17. As the 15 resident dietary workers were directed to a dining room, many of them became loud, aggressive, and generally uncooperative. (Defs.' Ex. A; McAdory Aff., ¶ 6.)

18. The residents refused to sit down, they took defensive postures, and a couple of the residents stated "Fuck this shit" and "This is bullshit*fn1 ." (Defs.' Ex. A; McAdory Aff., ¶ 6; Defs.' Ex. B.)
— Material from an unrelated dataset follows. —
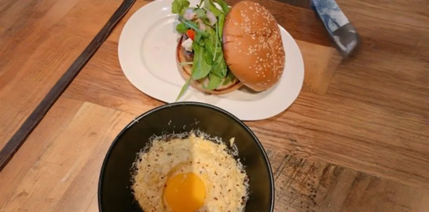 Our elevated Lamb Burger features a perfectly seasoned patty of ground lamb, topped with crumbled feta cheese, caramelized red onions, fresh arugula, and a roasted garlic aioli, all served on a toasted brioche bun.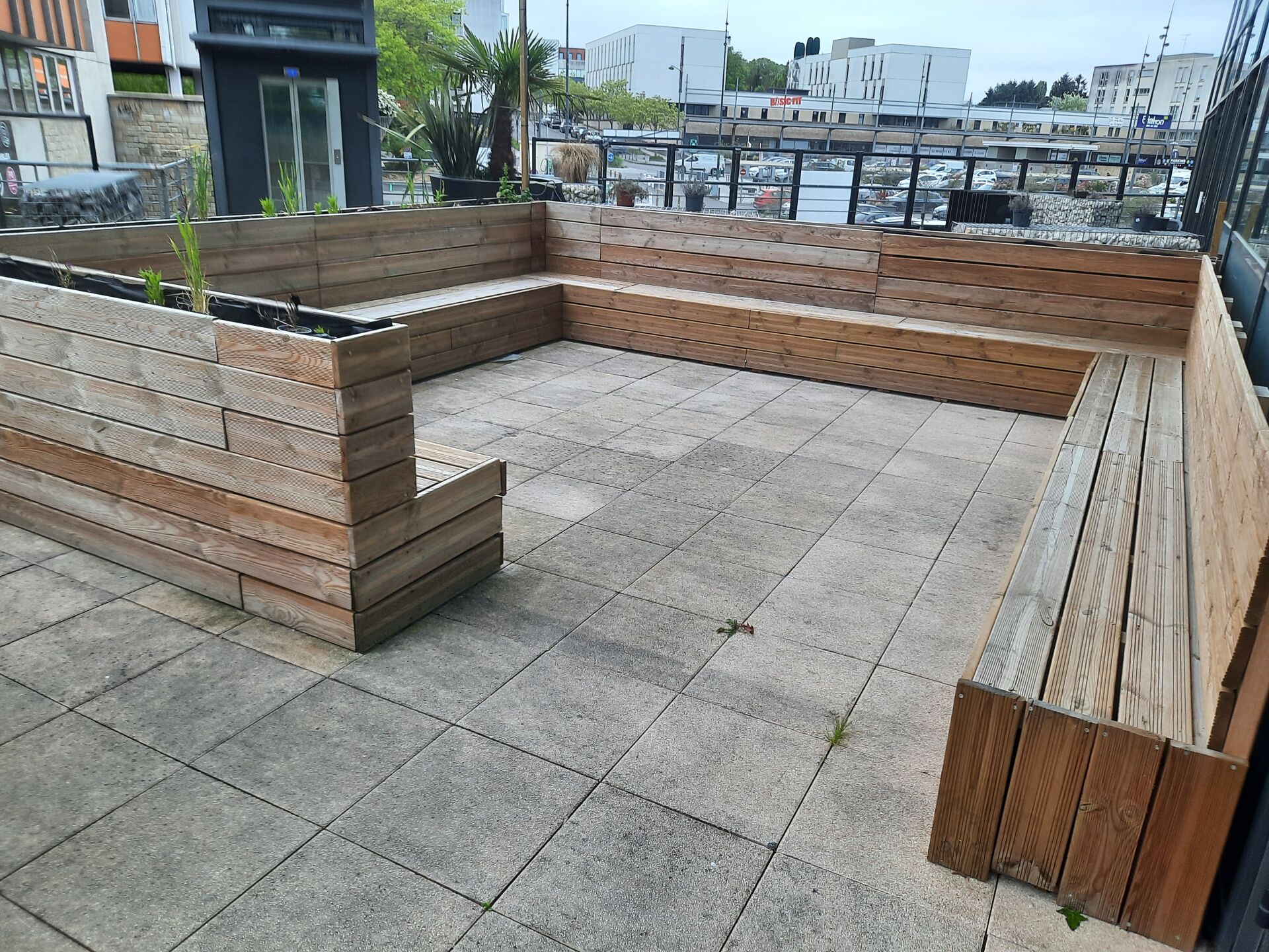 11 bancs en lames de terrasse traitées classe 4 (fabrication interne)

19. McAdory believed this posed a threat to the safety of staff and to the security of the institution. (Defs.' Ex. A; McAdory Aff., ¶ 7.)

20. The four other staff members present were unarmed and were outnumbered by the residents. (Defs.' Ex. A; McAdory Aff., ¶ 7.)
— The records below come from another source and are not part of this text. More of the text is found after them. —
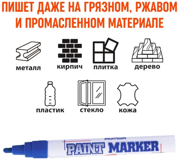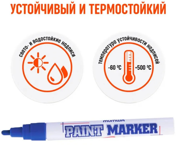 Маркер-краска MunHwa — профессиональный лаковый маркер на нитрооснове. Paint Marker MunHwa пишет на всех типах поверхностей: металл, дерево, резина, бетон, стекло, кожа. Размеры маркера: диаметр 15 мм, длина 144 мм. Paint Marker подходит для реставрации дефектов на бытовой технике, обуви, кузове автомобиля, а также надписей на каменных плитах. Маркер-краска MunHwa имеет широкое применения в дизайне, декорировании и оформлении. Корпус маркера изготовлен из прочного алюминия. Клапанный механизм пишущего узла исключает растекание и разбрызгивание краски, преждевременное пересыхание маркера, срок годности 5 лет. Благодаря высококачественным чернилам, краска ложиться на поверхность равномерным и однородным слоем, полностью закрашивая обрабатываемую поверхность, быстро сохнет. После высыхания, надписи обладают свето- и водостойкостью, термостойкостью, устойчивостью к механическим воздействиям.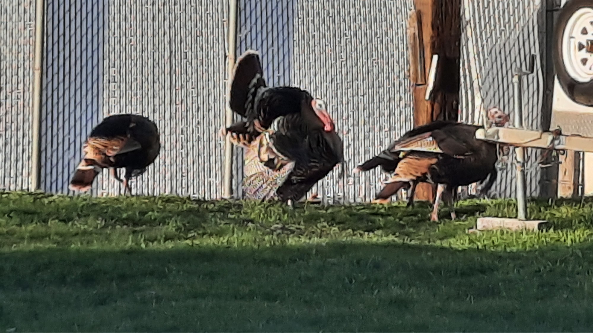 6 Tom turkeys were holding a meeting in front of a neighbor’s home. I had to sneak up on them from across the street keeping the neighbor’s truck between me and them. I call it Turkey Dominance Diplomacy.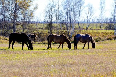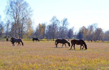 Yaz otlağındaki atlar güneşli bir yaz gününde.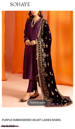 Sohaye by Dinners Shawl Velvet Ready to wear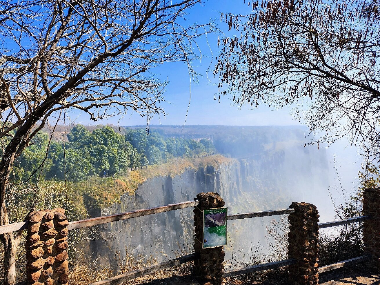 The Zimbabwe side provides the classic postcard views, showing the widest and most panoramic sections of the falls.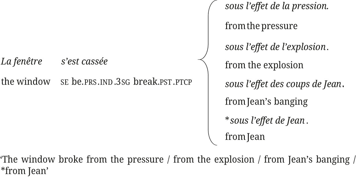 Generally speaking, the reflexive clitic in Romance RAC signals telicity and a suppressed causer (Cennamo 2016: 971). As concerns aspectual structure, RAC shows a stronger affinity to a resultant state than UAC; such a difference has been defended for French by Zribi-Hertz (1987), Labelle (1992), Labelle and Doron (2010), Heidinger (2010), Legendre and Smolensky (2010), and Schøsler (2021). As concerns causal structure, a causer is said to be semantically more present in RAC than UAC. Such a difference with respect to causal structure has been defended for French in Labelle (1992), Labelle and Doron (2010), Heidinger (2010, 2015, 2019, and Kailuweit (2011, 2012. It should be noted, however, that the semantic differences between the two formal types of anticausatives are undoubtedly subtle and still a matter of debate (see Dobrovie-Sorin [2017: 7–11] for a recent overview and Martin and Schäfer [2014] for a critical discussion of such semantic differences).

21. The dining room was near the kitchen where the residents had access to utensils that could be used as weapons. (Defs.' Ex. A; McAdory Aff., ¶ 7.)

22. Consequently, McAdory called additional security staff to the dining room and ordered the residents to be handcuffed and seated, all of which took a matter of minutes. (Defs.' Ex. A; McAdory Aff., ¶ 7.)

23. Security staff applied only the minimal amount of force necessary to apply the cuffs to each resident dietary worker. (Defs.' Ex. A; McAdory Aff., ¶ 8.)

24. Plaintiff does not allege that security staff used unnecessary force when applying the handcuff restraints, nor does he allege that security staff applied the handcuff restraints maliciously. (Defs.' Ex. B; Tittelbach Dep. Trans. dated Feb. 26, 2009, p. 20, line 19 - p. 21, line 7; p. 28, line 20 - p. 29, line 11.)

25. After most of the residents calmed down, one of the residents continued to be loud and disruptive, and Security Therapy Aid-IV Haage took that resident to the special management unit for a few minutes and then took him to his room for a two-hour cool down. (Defs.' Ex. A; McAdory Aff., ¶ 9.)

26. After the remaining residents were handcuffed and seated, McAdory talked to the residents about the overall operation of the kitchen and advised them that the stealing and hiding of food would not be tolerated. (Defs.' Ex. A; McAdory Aff., ¶ 10.)

27. After speaking with the residents for a few minutes, McAdory then went to the dietary office and discussed the same issue with the Aramark staff. (Defs.' Ex. A; McAdory Aff., ¶ 11.)

28. A few minutes later, McAdory returned to the dining room and told staff that the cuffs could be removed and that the resident dietary workers could return to work. (Defs.' Ex. A; McAdory Aff., ¶ 11.)

29. At no time did McAdory threaten the safety of the resident dietary workers. (Defs.' Ex. A; McAdory Aff., ¶ 11.)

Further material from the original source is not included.